◆ **GIVEN RECORDS**:
┌──
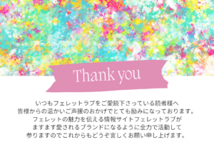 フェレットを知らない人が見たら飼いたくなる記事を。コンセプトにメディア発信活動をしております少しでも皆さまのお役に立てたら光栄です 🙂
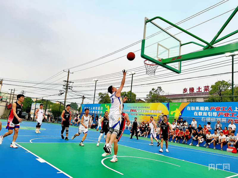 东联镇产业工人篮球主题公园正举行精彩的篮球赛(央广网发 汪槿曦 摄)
└──
┌──
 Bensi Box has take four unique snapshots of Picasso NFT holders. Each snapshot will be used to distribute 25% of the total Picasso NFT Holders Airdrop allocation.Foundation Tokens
└──
◆ **TASK INSTRUCTIONS**:
Output exactly the stretch of the listing that begins at the line containing "フェレットを知らない人が見た" and ends at the line containing "东联镇产业工人篮球主题公园正举行精彩的篮球赛(央广网发 汪槿曦 摄)", both kept. Omit pictures and everything else.

◆ **THE ANSWER**:
 フェレットを知らない人が見たら飼いたくなる記事を。コンセプトにメディア発信活動をしております少しでも皆さまのお役に立てたら光栄です 🙂
 东联镇产业工人篮球主题公园正举行精彩的篮球赛(央广网发 汪槿曦 摄)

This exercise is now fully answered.